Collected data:
▶

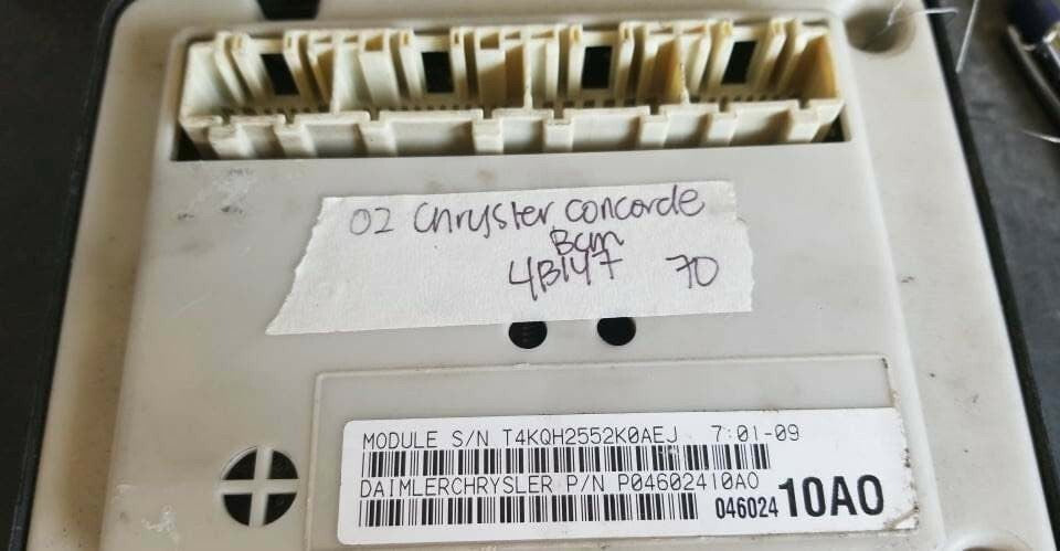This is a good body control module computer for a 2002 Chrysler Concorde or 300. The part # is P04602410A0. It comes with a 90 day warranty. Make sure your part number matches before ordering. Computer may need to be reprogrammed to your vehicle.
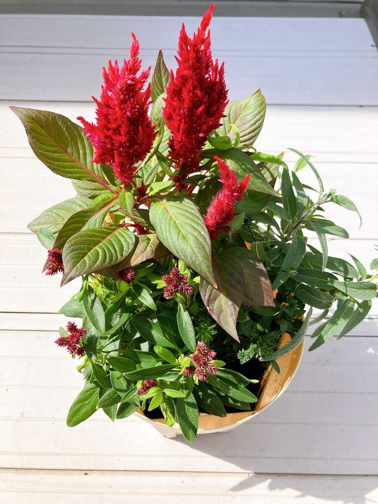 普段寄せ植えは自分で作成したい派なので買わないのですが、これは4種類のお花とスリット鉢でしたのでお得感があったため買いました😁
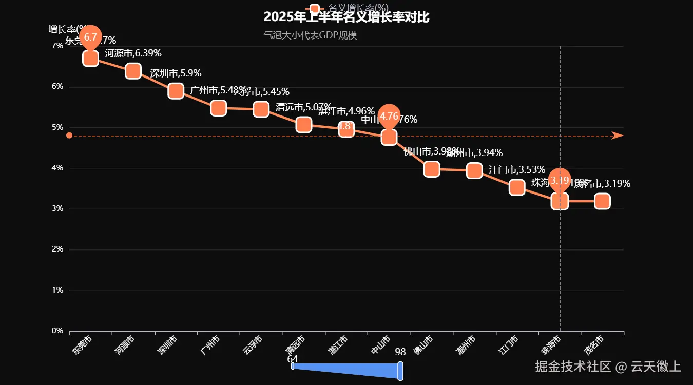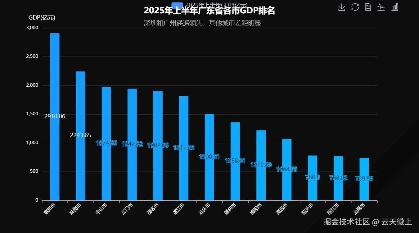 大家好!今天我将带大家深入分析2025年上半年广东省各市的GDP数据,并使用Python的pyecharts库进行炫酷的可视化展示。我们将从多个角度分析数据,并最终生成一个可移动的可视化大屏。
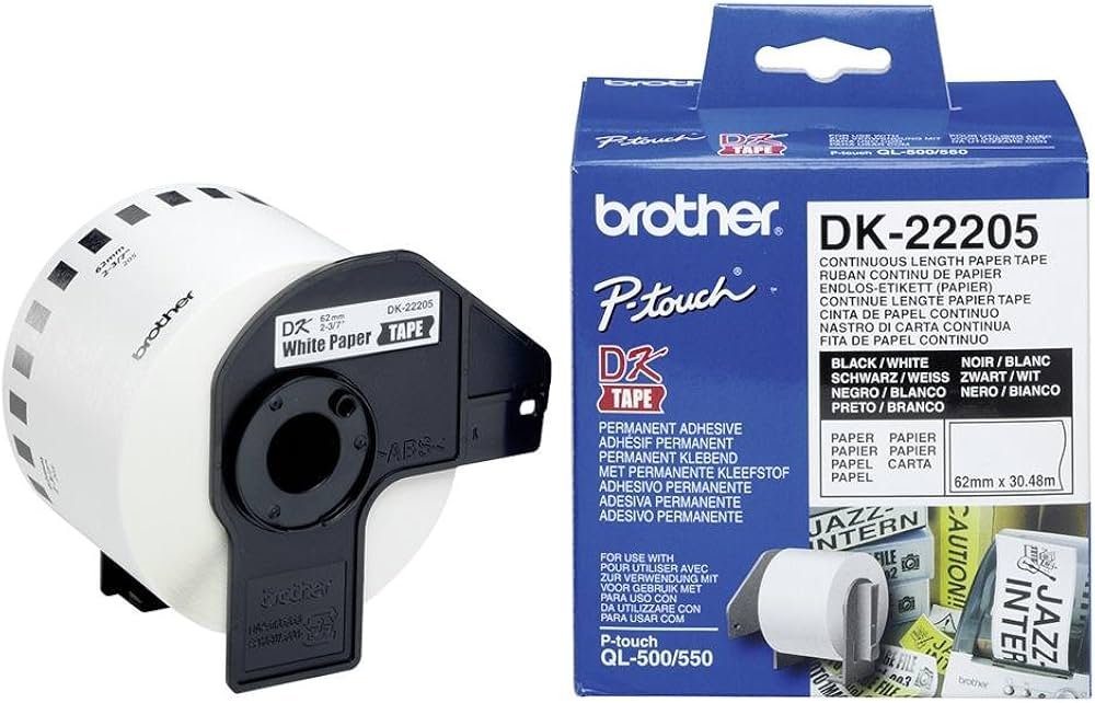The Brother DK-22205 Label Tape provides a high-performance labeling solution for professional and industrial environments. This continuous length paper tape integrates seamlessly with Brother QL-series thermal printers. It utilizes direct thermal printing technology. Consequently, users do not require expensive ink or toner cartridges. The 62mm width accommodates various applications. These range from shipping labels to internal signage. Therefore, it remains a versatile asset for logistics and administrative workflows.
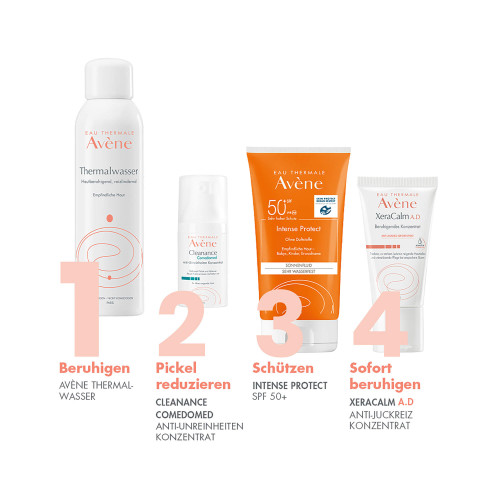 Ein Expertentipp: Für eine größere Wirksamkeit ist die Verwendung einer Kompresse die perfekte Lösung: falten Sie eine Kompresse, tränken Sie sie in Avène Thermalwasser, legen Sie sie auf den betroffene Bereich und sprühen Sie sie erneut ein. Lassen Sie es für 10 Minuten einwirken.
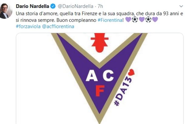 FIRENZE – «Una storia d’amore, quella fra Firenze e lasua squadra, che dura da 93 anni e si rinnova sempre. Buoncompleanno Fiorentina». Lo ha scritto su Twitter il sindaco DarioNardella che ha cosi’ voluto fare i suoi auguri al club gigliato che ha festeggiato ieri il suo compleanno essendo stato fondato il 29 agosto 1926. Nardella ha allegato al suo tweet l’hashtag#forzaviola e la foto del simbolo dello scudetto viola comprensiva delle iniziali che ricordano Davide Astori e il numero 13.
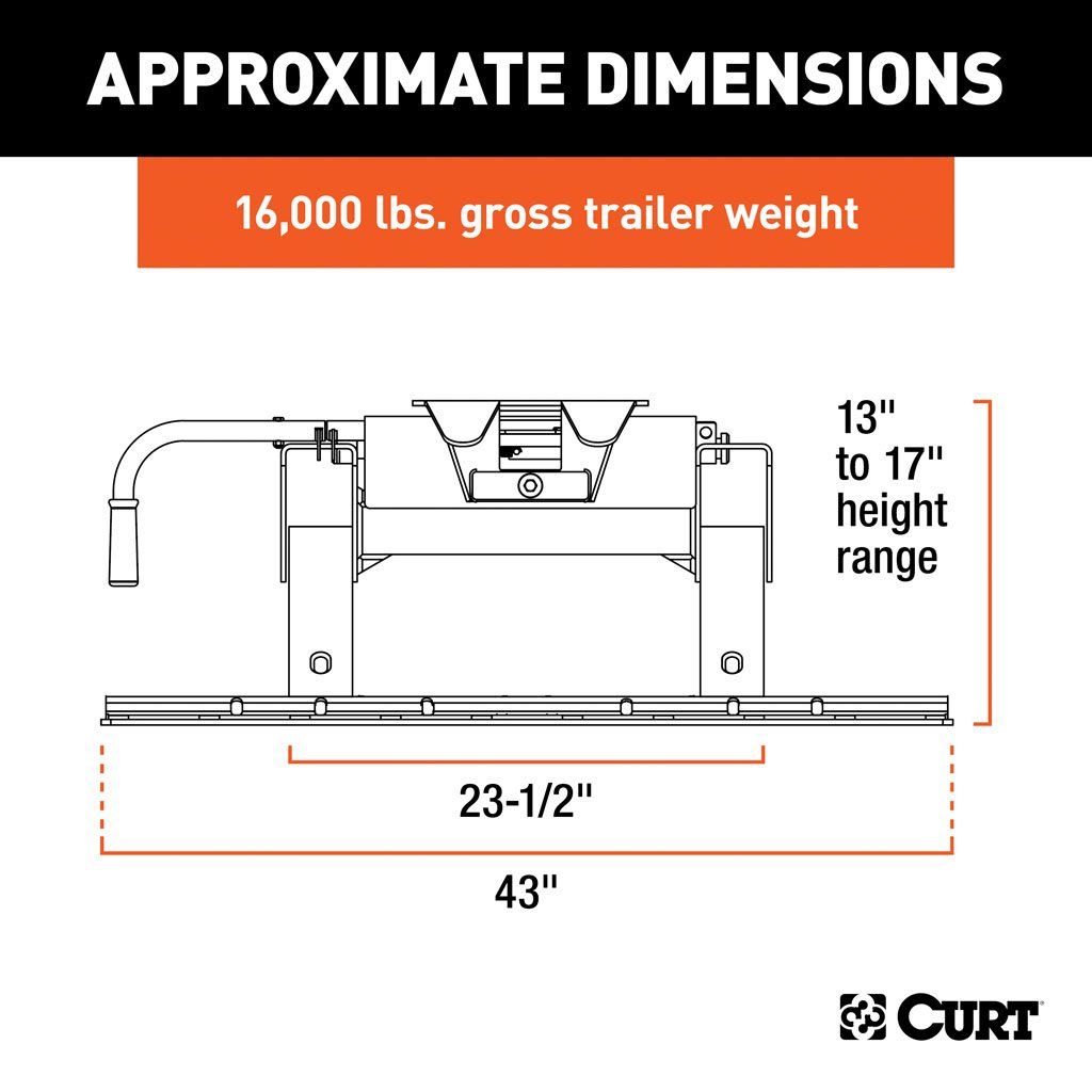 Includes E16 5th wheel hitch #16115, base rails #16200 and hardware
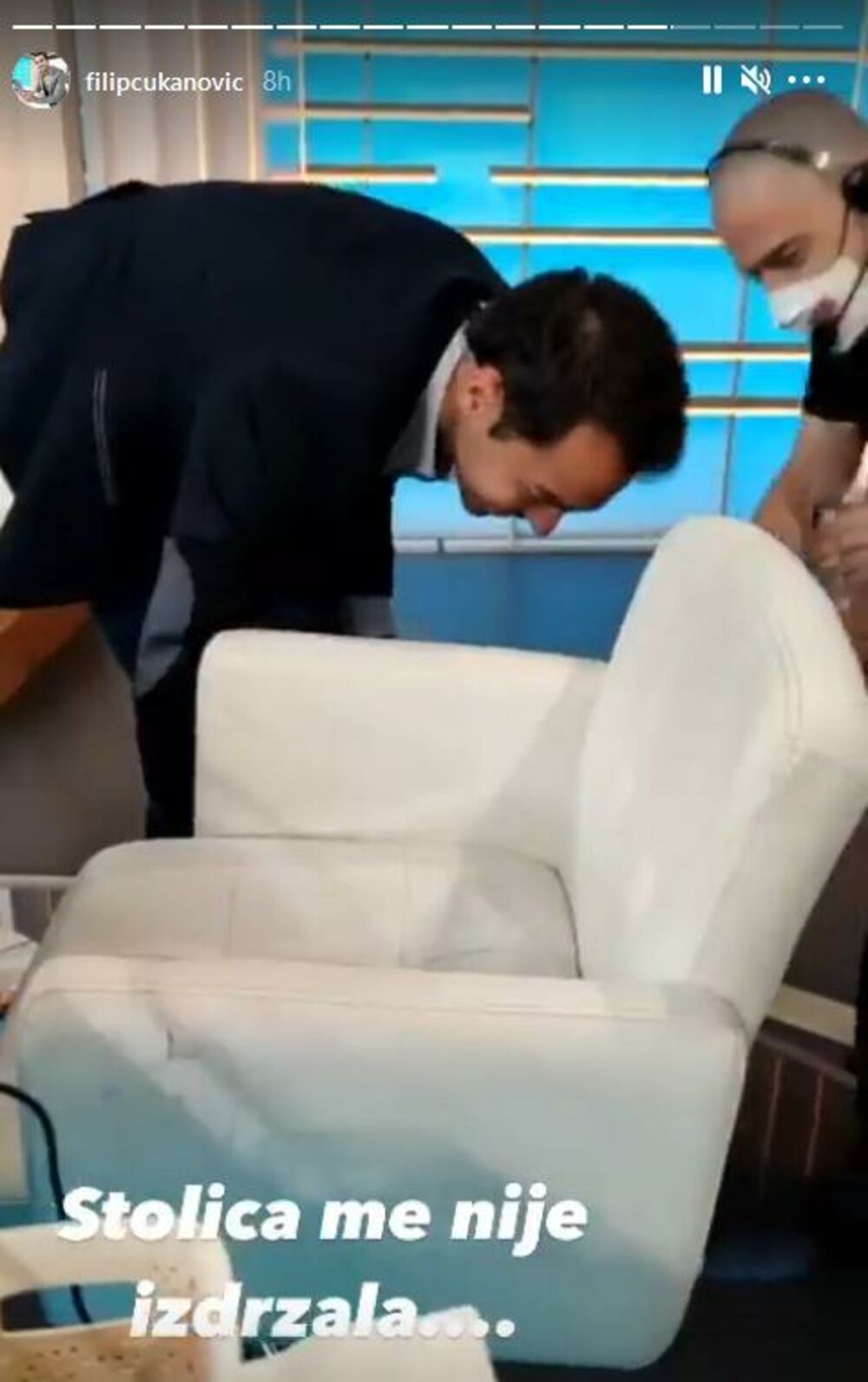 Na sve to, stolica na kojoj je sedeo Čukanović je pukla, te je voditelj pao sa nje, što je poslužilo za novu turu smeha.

◀

> [Instructions for the task] Exactly the lines from the one holding "The Brother DK-22205" to the last line of the records above should be duplicated, with no pictures among them.

> [Response]
The Brother DK-22205 Label Tape provides a high-performance labeling solution for professional and industrial environments. This continuous length paper tape integrates seamlessly with Brother QL-series thermal printers. It utilizes direct thermal printing technology. Consequently, users do not require expensive ink or toner cartridges. The 62mm width accommodates various applications. These range from shipping labels to internal signage. Therefore, it remains a versatile asset for logistics and administrative workflows.
 Ein Expertentipp: Für eine größere Wirksamkeit ist die Verwendung einer Kompresse die perfekte Lösung: falten Sie eine Kompresse, tränken Sie sie in Avène Thermalwasser, legen Sie sie auf den betroffene Bereich und sprühen Sie sie erneut ein. Lassen Sie es für 10 Minuten einwirken.
 FIRENZE – «Una storia d’amore, quella fra Firenze e lasua squadra, che dura da 93 anni e si rinnova sempre. Buoncompleanno Fiorentina». Lo ha scritto su Twitter il sindaco DarioNardella che ha cosi’ voluto fare i suoi auguri al club gigliato che ha festeggiato ieri il suo compleanno essendo stato fondato il 29 agosto 1926. Nardella ha allegato al suo tweet l’hashtag#forzaviola e la foto del simbolo dello scudetto viola comprensiva delle iniziali che ricordano Davide Astori e il numero 13.
 Includes E16 5th wheel hitch #16115, base rails #16200 and hardware
 Na sve to, stolica na kojoj je sedeo Čukanović je pukla, te je voditelj pao sa nje, što je poslužilo za novu turu smeha.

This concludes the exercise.